Ей-богу, я даже почувствовал благодарность за его доброту. Какое все-таки сложное существо человек: только что я умирал от усталости и желания лечь в постель, меня прямо-таки тошнило от презрения к этому типу, так он был ничтожен, и вдруг я преисполнился к нему благодарности только за то, что он сказал: "Все зависит от вас самих". Благодарности за признание, что и я к этому делу как-то причастен, что и я - реальная личность. Я даже загорелся желанием отличиться и доказать ему, что уж если мне поручат какое-нибудь дело, так ведь я такой человек, что в лепешку расшибусь, лишь бы угодить кому следует.

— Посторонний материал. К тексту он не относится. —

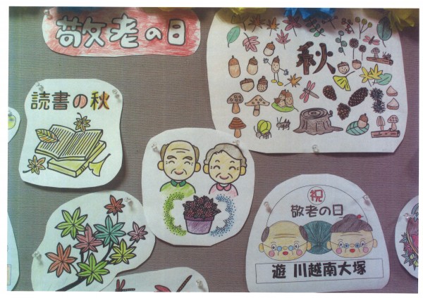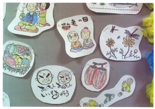 先日のレクリエーションで作成していただいた、ぬり絵やお花を飾りました。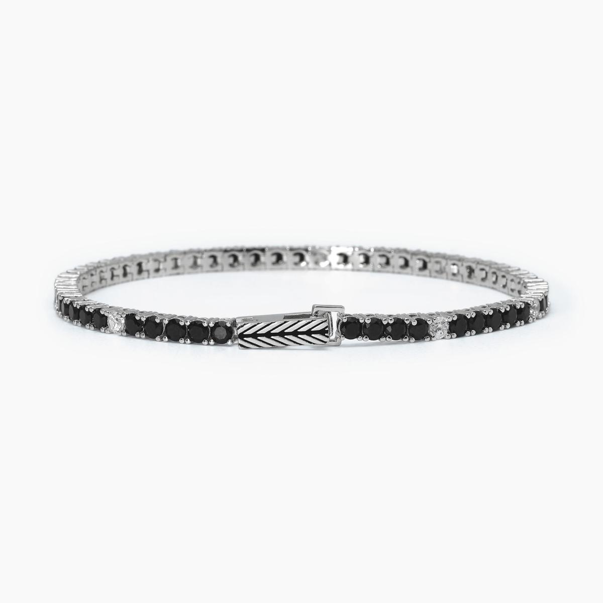 Bracciale tennis da uomo in argento rodiato con zirconi alternati bianchi e neri.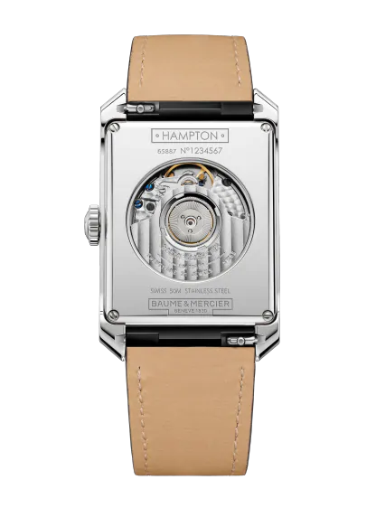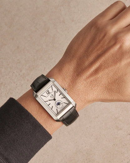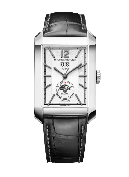 Juwelier Lun offizieller Baume & Mercier Retailer in München Diese gut ausbalancierte Uhr mit doppelter Zeitanzeige wird von einem Schweizer Automatikwerk angetrieben. Sie ist mit einem zeitlosen schwarzen Alligatorlederarmband mit grauer Naht und einem rechteckigen Gehäuse aus poliertem Edelstahl versehen.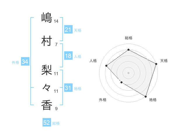 嶋村 梨々香さんを姓名の画数から五運を鑑定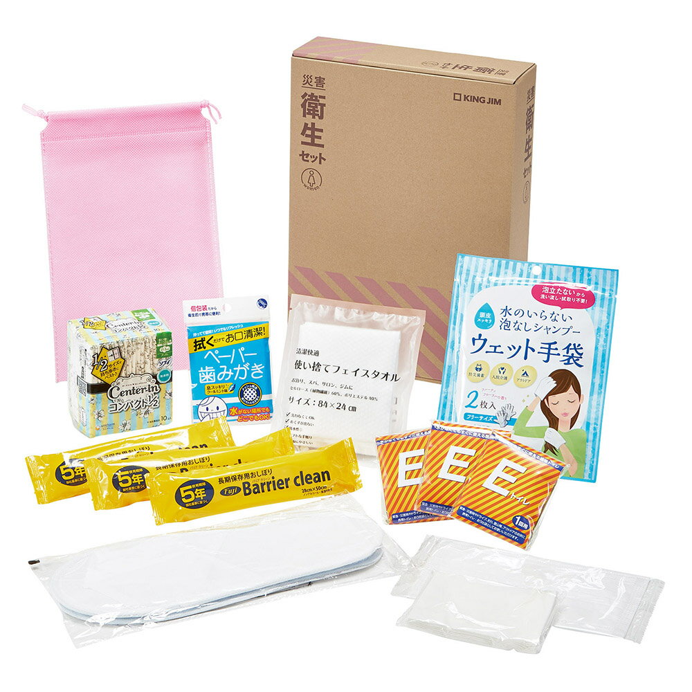 【メール便不可】HGS-300キングジム 災害衛生セット(女性用)災害対策 防災用品 防災 給水 断水 災害 地震 備蓄 ナプキン 非常用 コンパクト トイレ 簡易 お風呂 タオル 綺麗 管理 家 会社 シンプル 津波 歯ブラシ 家族【お取り寄せ】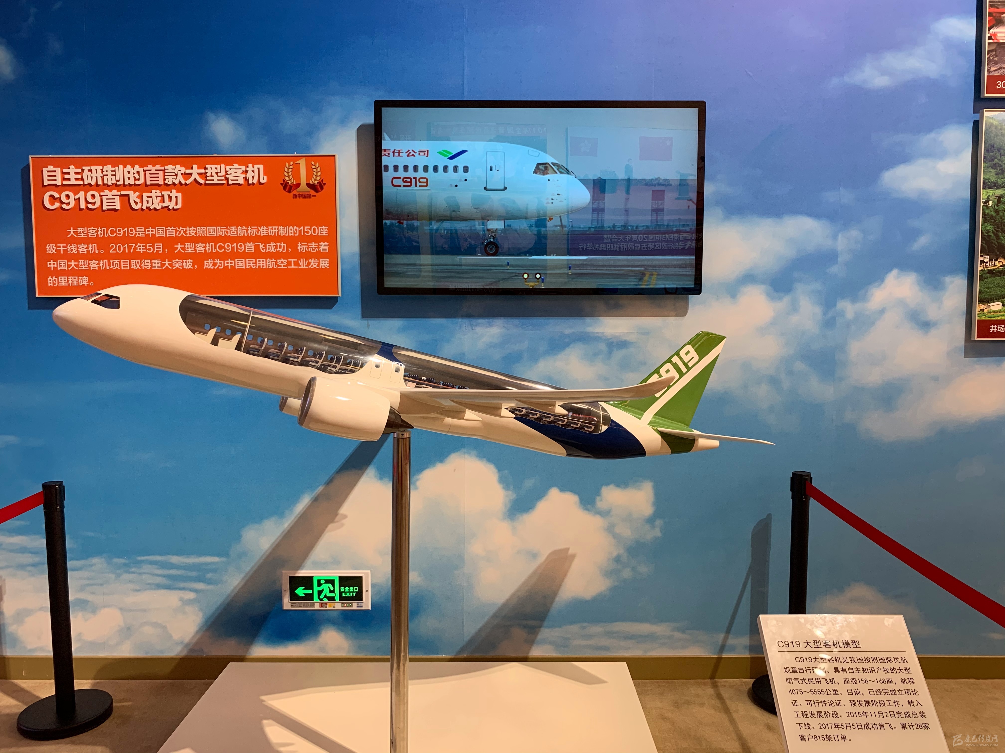 在2017年展區(qū),C919大飛機模型,配合解說圖片以及總裝下線當(dāng)日的視頻展出。

- Так точно, сэр, - гаркнул я.
- Ну вот, - сказал он, - обдумайте. Один неверный шаг и - вы понимаете...
Он щелкнул пальцами, и мне показалось - я его понял, однако немного позже убедился, что ничего не понимаю, и разозлился сам на себя, что вообразил тогда, будто понял. Хотел бы я знать, какого черта он имел в виду, когда щелкнул этак пальцами перед моим носом.
- Это все, - сказал он.
Я козырнул, повернулся кругом и подошел опять к сержанту.
- Можно теперь идти?
- Ты должен еще койку закрепить за собой, - сказал он. - Ну да ладно, можешь отложить до понедельника.
Я вышел на улицу и поехал на метро в город. Когда я пришел домой, Виктор уже спал. Вдруг он открыл глаза, но не шевельнулся.
- Убийство! - сказал он и тут же закрыл глаза и опять заснул.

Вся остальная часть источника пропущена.